As I sit in my favorite coffee shop reflecting on my time in New Zealand, I have so many thoughts racing through my mind. The first is familiarity, the fact that I have found my new favorite coffee shop. I have become so adjusted to life in New Zealand, that returning to America will feel like a new abroad experience in itself. I can say that New Zealand welcomed me with open arms.
I was very worried about my transition to New Zealand since I had such a distinct and comfortable routine at my home university. The people and lifestyle in New Zealand are so inviting that I didn’t have any time or need to worry about the adjustment. All of the students and locals here were so friendly and informative about their country. The New Zealand culture as a whole is so relaxed, which made the transition much easier. After becoming familiar with the way of life in New Zealand, it eventually started to feel like home. A home filled with beauty, adventure, and the most amazing people I have ever met.

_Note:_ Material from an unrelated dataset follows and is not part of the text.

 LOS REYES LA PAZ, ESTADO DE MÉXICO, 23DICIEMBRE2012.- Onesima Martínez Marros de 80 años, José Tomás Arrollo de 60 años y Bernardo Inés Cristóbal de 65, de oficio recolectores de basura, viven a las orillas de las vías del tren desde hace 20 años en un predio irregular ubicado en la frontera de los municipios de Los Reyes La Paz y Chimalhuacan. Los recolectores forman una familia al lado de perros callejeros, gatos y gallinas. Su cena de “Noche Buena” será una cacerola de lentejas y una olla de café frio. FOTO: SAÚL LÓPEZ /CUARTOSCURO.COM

When asked the question, “Are you sad to go back home?” there are so many ways I could answer. Of course the answer is yes, but then you ask yourself why? Why are you sad about going home? It’s hard to explain to someone how incredible five months can be. If I had to sum everything up it is the people that made this adventure so life-changing.

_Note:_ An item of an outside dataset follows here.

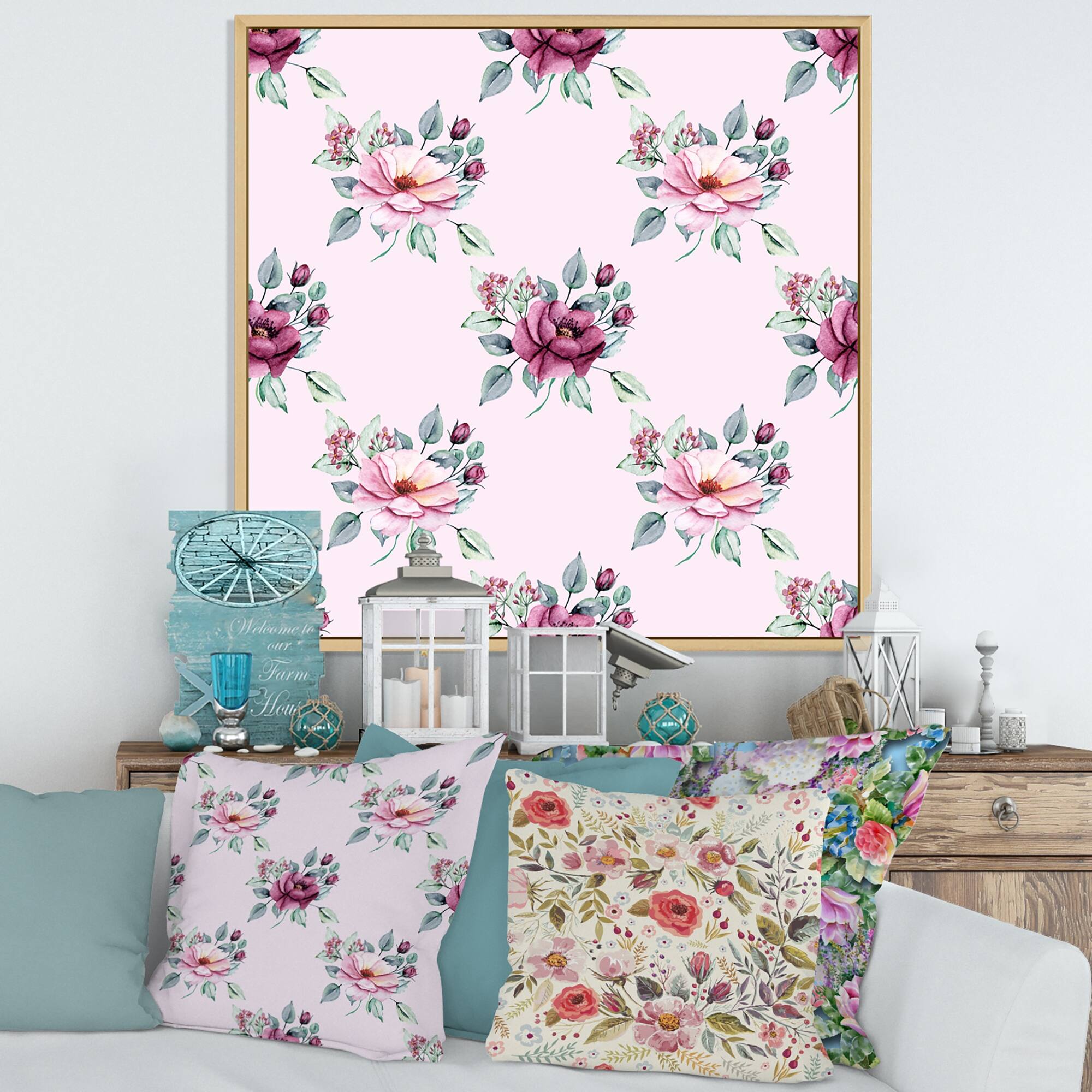 Designart "Pink And Red Spring Flowers on Pink" Patterned Framed Canvas Wall Art Print

The country of New Zealand is truly one of a kind. It is such a small piece of land with so much to offer. One of my previous blogs described a trip I took and how it’s not about what you’re doing but whom you are doing it with. I still believe this to be true, but since that blog, I have felt the impact that my abroad friends have made.
The people I have met here have not only made every single day and trip incredible, but I can say that they have changed the way I look at life and the way I feel about myself. I have met some of the most supportive, intelligent, and outgoing people here. People who have pushed me to step out of my comfort zone, believe in myself, and give me such a different outlook on life. The combination of the amazing country I lived in this past semester and the people in this country. The combination of the amazing country and people contribute to me answering “yes,” when people ask if I’m sad to go back home.

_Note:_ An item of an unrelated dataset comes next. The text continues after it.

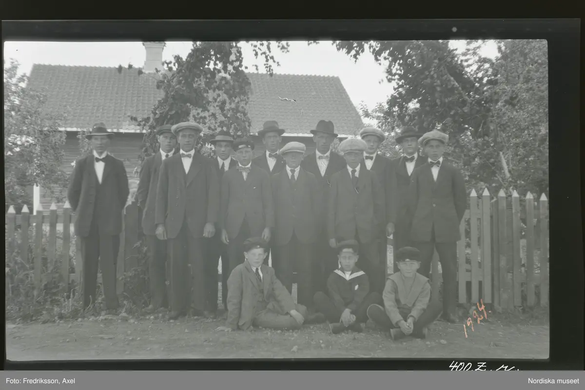 Grupporträtt av ett sällskap unga män och pojkar, ståendes och sittandes utomhus.

If anyone is hesitant or even considering studying abroad at the University of Otago, I would tell them it would be their biggest regret to not take advantage of this opportunity. I am so incredibly jealous of anyone who is currently signed up for this adventure. New Zealand has given me breathtaking views, experiences, and people I could have ever asked for. As upsetting as it is to leave this country, I wouldn’t want to leave any other way.